The Checklist Manifesto_ How to Get Things Right - Atul Gawande [17]
Pronovost had been canny when he started. In his first conversations with hospital administrators, he hadn’t ordered them to use the central line checklist. Instead, he asked them simply to gather data on their own line infection rates. In early 2004, they found, the infection rates for ICU patients in Michigan hospitals were higher than the national average, and in some hospitals dramatically so. Sinai-Grace experienced more central line infections than 75 percent of American hospitals. Meanwhile, Blue Cross Blue Shield of Michigan agreed to give hospitals small bonus payments for participating in Pronovost’s program. A checklist suddenly seemed an easy and logical thing to try.

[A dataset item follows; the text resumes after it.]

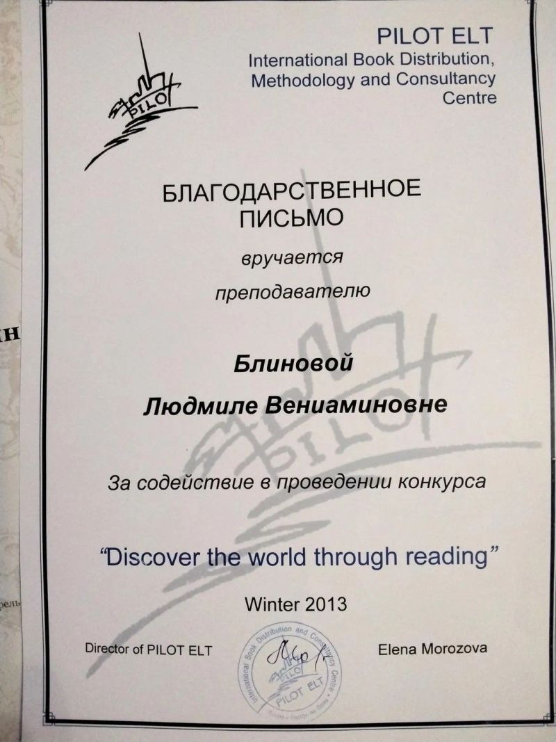 - Благодарственное письмо Methodology and Consultancy Centre PILOT ELT, 2013 г.

In what became known as the Keystone Initiative, each hospital assigned a project manager to roll out the checklist and participate in twice-monthly conference calls with Pronovost for troubleshooting. Pronovost also insisted that the participating hospitals assign to each unit a senior hospital executive who would visit at least once a month, hear the staff ’s complaints, and help them solve problems.
The executives were reluctant. They normally lived in meetings, worrying about strategy and bud gets. They weren’t used to venturing into patient territory and didn’t feel they belonged there. In some places, they encountered hostility, but their involvement proved crucial. In the first month, the executives discovered that chlorhexidine soap, shown to reduce line infections, was available in less than a third of the ICUs. This was a problem only an executive could solve. Within weeks, every ICU in Michigan had a supply of the soap. Teams also complained to the hospital officials that, although the checklist required patients be fully covered with a sterile drape when lines were being put in, full-size drapes were often unavailable. So the officials made sure that drapes were stocked. Then they persuaded Arrow International, one of the largest manufacturers of central lines, to produce a new kit that had both the drape and chlorhexidine in it.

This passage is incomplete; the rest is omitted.